CCHA Preservation Projects
Marshall and Milliken Log Cabins
Early in 1999, the Chatham County Historical Association and the Chatham County Agricultural and Industrial Fair Association agreed to work together to reconstruct two log houses in Pittsboro. The Milliken house, built by a formerly enslaved man named Bob, was given to the county fair association and moved from its original location about seven miles northwest of Pittsboro to the County Fairgrounds in 1977, where it was renovated under the supervision of C.W. Bryant. By 1996 the woods had grown up to obscure the cabin and a large oak fell on it during Hurricane Fran. By 1999 it had been dismantled and piers had been raised on a higher piece of ground for its reconstruction.
In 1999, the Chatham County Historical Association was given two log houses by Ellen and Sheldon Rothman. Located on property formerly belonging to the Marshall family in northwestern Chatham County, the houses had been vacant for some years and one of the fireplaces had been removed to build a stone wall. Early history of the houses is still unclear, but we think that Jonathan Marshall built the smaller of the two houses before 1850 and that his son Newton built the second house after the families returned from Indiana following the Civil War. Tenant farmers occupied the houses in the 1930s, according to neighbors, who said that an owner ran a pottery school in the buildings in the 1950s.
Reconstructing the Cabins
In February 1999, crews of volunteers from both organizations, under the leadership of Greg Talbott, dismantled the two Marshall buildings and transported usable logs and other lumber to Pittsboro. The older house, logs numbered, was to be built on a lot on Rectory Street between West Street and Salisbury Street, while the later house was to be used to scavenge parts for use in both the Marshall and Milliken house.
Stonemasons Joe Kenlan and Michael Yarborough raised piers in early fall 1999, and the logs were stacked in two stages during the winter and early spring of 2000. Weather, the need for lumber, and other delays postponed raising the roof rafters until spring 2001, and shortly thereafter, Tim Blount was hired to shingle the roof, completing the job in May. Plans to chink the cabin and rebuild the chimney were put off as the association concentrated on other projects.
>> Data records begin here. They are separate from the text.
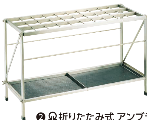
② Ω 折りたたみ式 アンブラー S-30F (30本立)

730×260×H510 折りたたみ時:730×70×H735 ステンレスヘアライン仕上げ
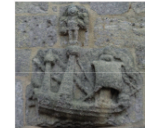
CARAVELLE EN GRANIT

À la fin du Moyen Âge, le territoire fournit des marins réputés, «rouliers des mers occidentales», mais Roscoff n'ayant aucune autonomie, ils se déclarent de Saint-Pol aux agents fiscaux et aux notaires des ports fréquentés.
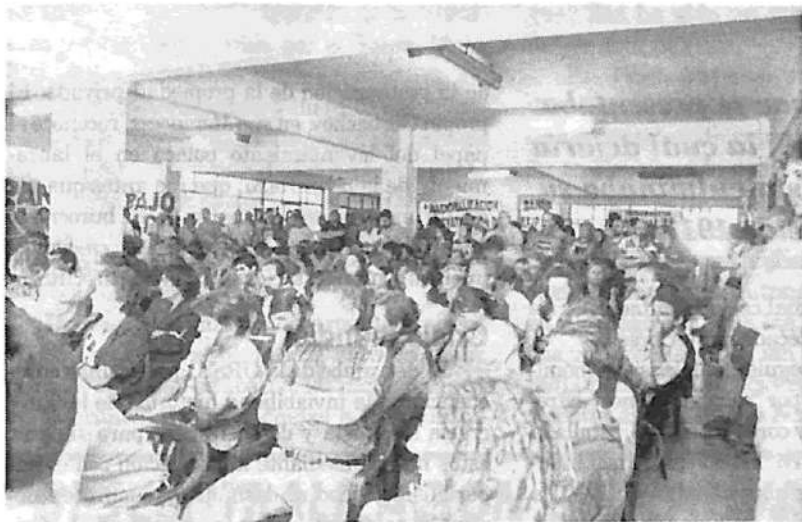
Una vista de la concurrencia piquetera.
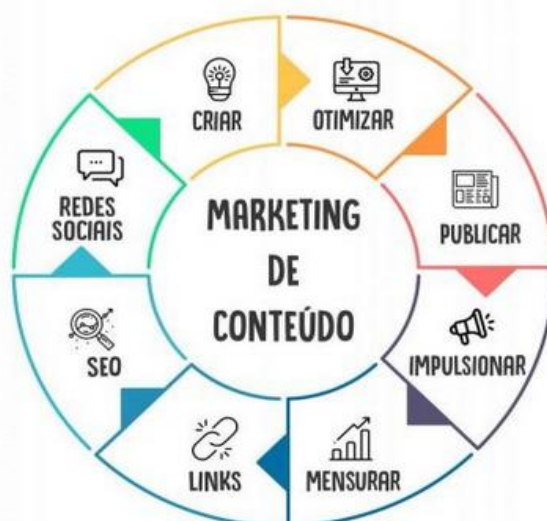
Figura 4 – Marketing de Conteúdo

Para tal escalonamento, atualmente tem-se uma vasta gama de recursos e ferramentas que devem ser consideradas em seus projetos ou ações de marketing , tais como: E-mail Marketing , Links Patrocinados , SEO , Mídias Sociais , Análise de Sites , Pop-Ups e WhatsApp Business , que aplicadas juntamente com um bom planejamento estratégico, podem fazer total diferença.

Volunteers then moved to the fairgrounds to start work on the Milliken house. After stacking logs to about the five-foot level, additional logs had to be found to continue the work because the original logs had deteriorated. Attempts were made to find old log structures that might be donated to the organizations, and when these failed a local lumbering firm was contracted to furnish the needed material. Stacking the Milliken cabin was completed in spring of 2002, and Tim Blount once again shingled the roof, completing the project in January 2004. Chinking of the walls was completed just prior to the 2010 Chatham County Agricultural Fair. Reconstruction of the chimney remains to be completed.
The Cabins Today
From 1999 until 2016, the Marshall cabin rested peacefully on land owned by Jane Pyle on Rectory Street in Pittsboro. Chinking and the chimney rebuild were still to be accomplished. When Hobbs Architects purchased the historic Lewis Freeman House from the estate of Jane Pyle in 2015, it also purchased the cabin from the CCHA and moved it a short distance from Rectory Street to the Lewis Freeman House property on Salisbury Street. The cabin has been renovated with new windows and doors for use as a special office conference room.